8(a) Adjusted Net Worth

All applicants for 8(a) Certification must prove, among many other factors, that they are economically disadvantaged.

First of all, there are three and not just one quantitative metric that defines an applicant’s personal economic disadvantage. These are:

  1. Personal “adjusted” net-worth.
  2. Personal assets
  3. Effective personal “adjusted gross income”

The personal “adjusted” net-worth metric is nothing more than your normal personal net-worth, i.e. applicant’s personal assets – applicant’s personal liabilities, excluding ENTIRELY the applicant’s ownership interest in the applicant firm and also their personal residence, whether wholly owned or owned with the applicant’s spouse or others. For the 8(a) certification, this metric must be less than $250,000 at the time of application. Are there legal and regulatory compliant methods that you can use to reduce your “adjusted net-worth” if it exceeds the $250,000 regulatory limitation? You bet there are, but the SBA won’t identify these for you. As part of our service SBC will share these with you. In determining the applicant’s adjusted net worth SBC will fully review all assets and liabilities for you and your spouse and perform a detailed analysis to determine if in fact you are below or above the regulatory limit. You will receive a detailed analysis that will fully explain and determine your adjusted net worth for 8(a) purposes.

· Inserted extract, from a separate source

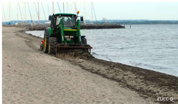
Beach wrack landing (left) and beach wrack removal operations (right) on Timmendorfer Strand, Island of Poel (DE)

Tourism plays an essential role on the Island of Poel and is the most important employer. Two main tourist beaches on Poel are Timmendorf Strand and Schwarzer Busch. Both are sandy and popular with tourists in the summer months. Both these main tourist beaches (approximately 3km out of a total 9km beach length on the island) are mechanically cleaned daily during the tourist season. With respect to the size of beach wrack landings on the main tourist beaches, the local Spa Manager regards a small monthly amount of beach wrack as being 100 tonnes per month, medium amount is 300 tonnes, large amount is 500 tonnes and an extreme event, could see amounts of 700 tonnes landing per month. In general, the local authority reports that beach wrack amounts have been increasing over the past 10 years. The municipality cooperates with a local fertilizer company Hanseatische Umwelt GmbH which is paid to periodically come and collect stored beach wrack (CONTRA, Management Questionnaire, 2019).

* If you reside in a community property state, all assets and liabilities, whether jointly or separately held, are split 50/50 unless indicated within a pre or post nuptial agreement.

The personal assets metric is just that. The applicant’s personal assets, including your net-worth in the applicant firm and yes, even your retirement funds, among other assets, must be less then $4,000,000, again at the time that you apply. By the way, if you transfer some of assets, except for assets transferred to an immediate family member for normal birthdays, graduations, anniversaries and retirements (to your spouse or another person for less than their fair market value) the SBA will “look back” two years and still attribute these assets to you, despite the fact that you have not violated any Federal or state law.